Something about a brake light. What’d I tell you about
looking at my phone? Sorry. You left it out. You know
I’m a curious person by nature. I finished designing
that high-altitude vacuum seal. In case you want to,
you know, go for the big one? You’re still on that? I told you, no. The answer’s no. Forget it. I mean, that was badass. How many times have I told you
not to fire them out in the open? – You said, move the merchandise.
– Under the radar. Under the radar! That’s how we survive. If you bring Damage Control
or the Avengers down here, we’re through. You’re out there wearing that goofy thing,
lighting up cars… …calling yourself the Shocker. “I’m the Shocker. I shock people. ”
What is this, pro wrestling? Whatever, old man. Come on. Look. Look. I know you don’t give a crap
about anything. But I do. I built this whole place
because I got people I have to look after. Yeah, yeah, yeah. You know what? I can’t afford your bullshit. – Get out of here.

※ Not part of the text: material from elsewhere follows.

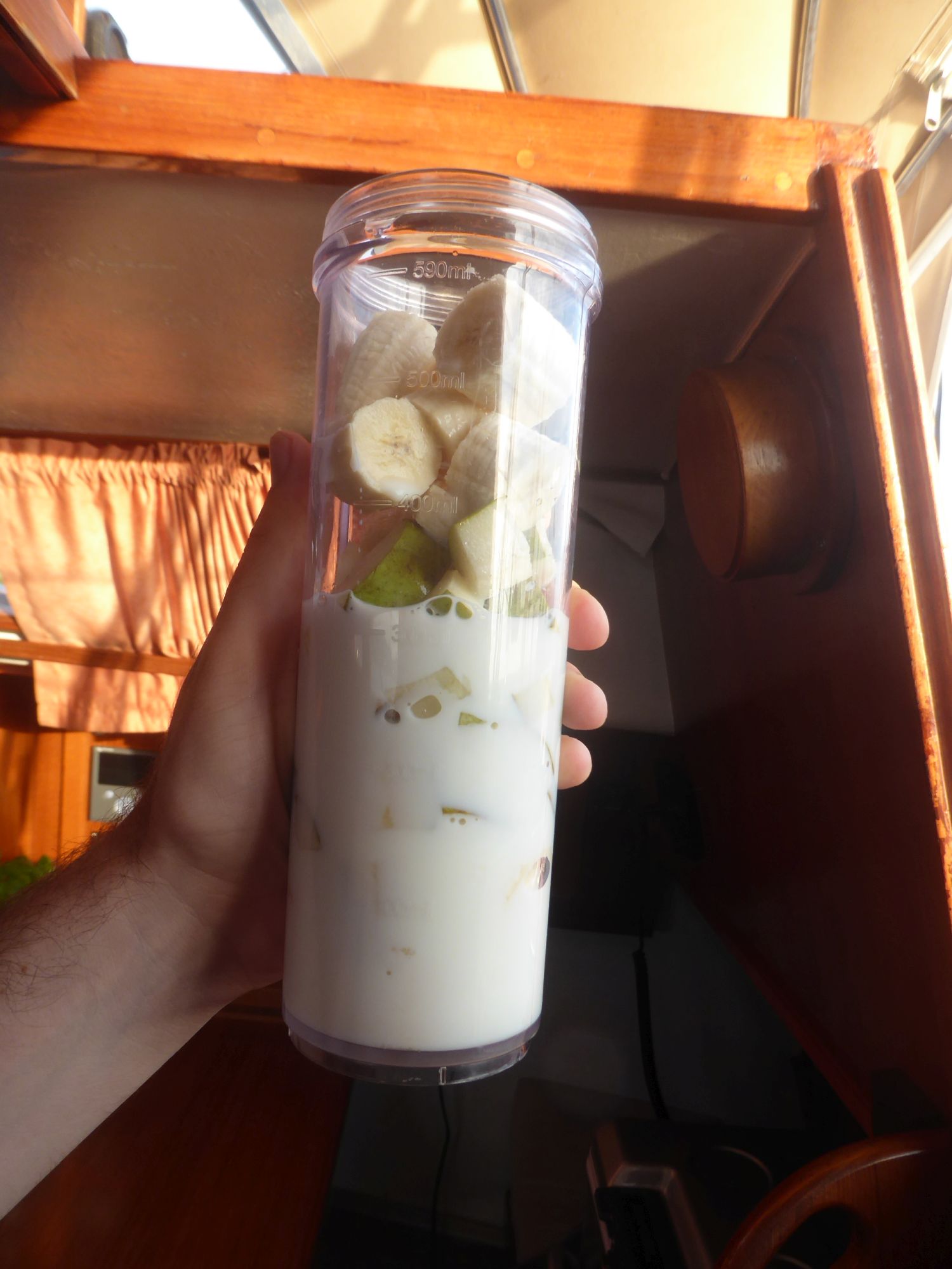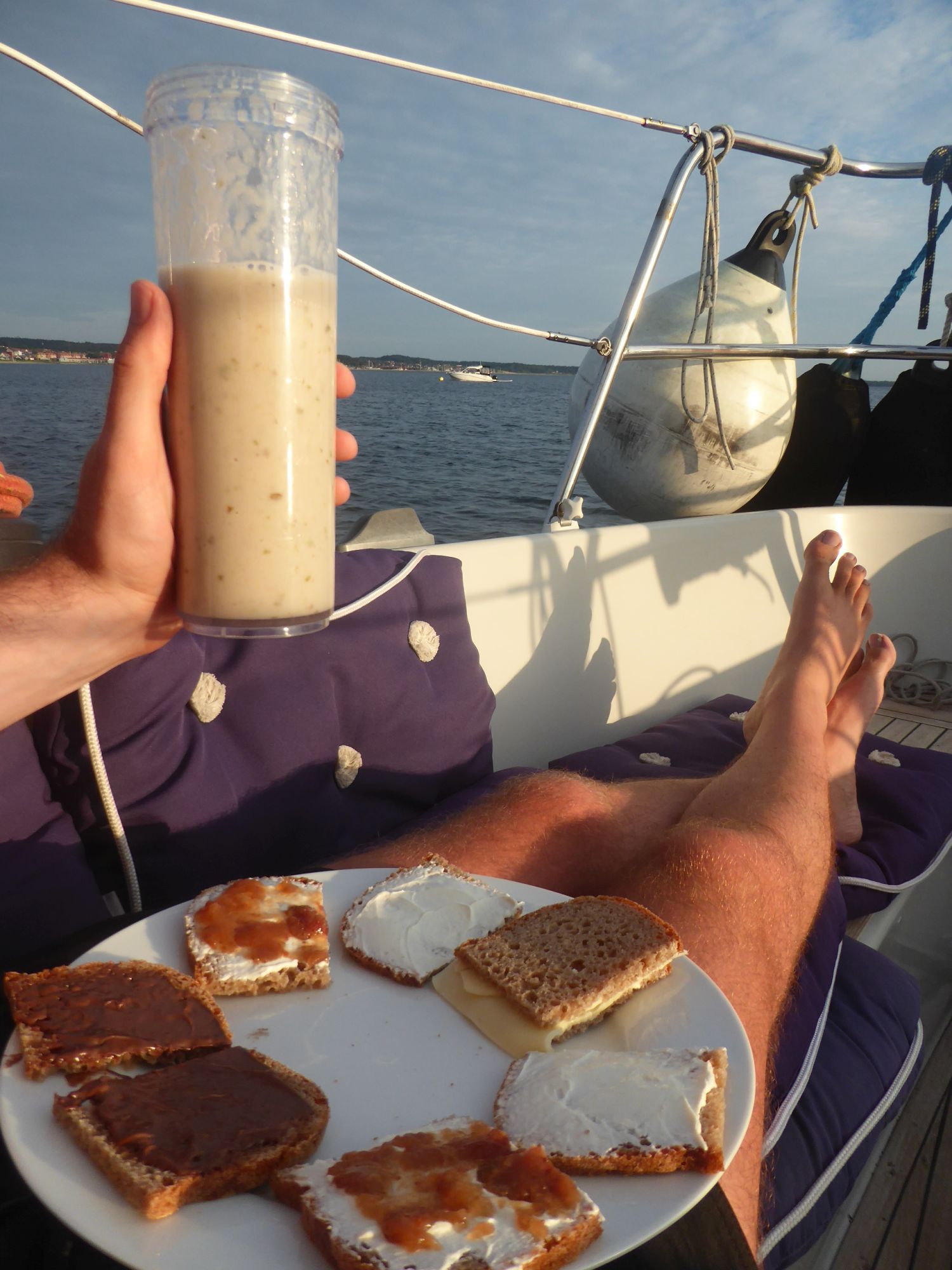 Zu Abend gibt es geschmierte Brote und einen Birne-Banane-Smoothie.

– What? – You’re done. You’re off the crew.
– Yeah, all right. All right. Wonder if you can afford me
out there, though, right? With everything I know. – Excuse me?
– I’m just saying… …maybe your wife would like to know
where you really get your money from. – You know what?
– What? You’re right. – That work?
– I don’t know. I can’t afford that. Wait. Damn. – I thought this was the antigravity gun.
– What? No, that’s that one. Here. Now you’re the Shocker. Go out there
and find that weapon he lost. All right.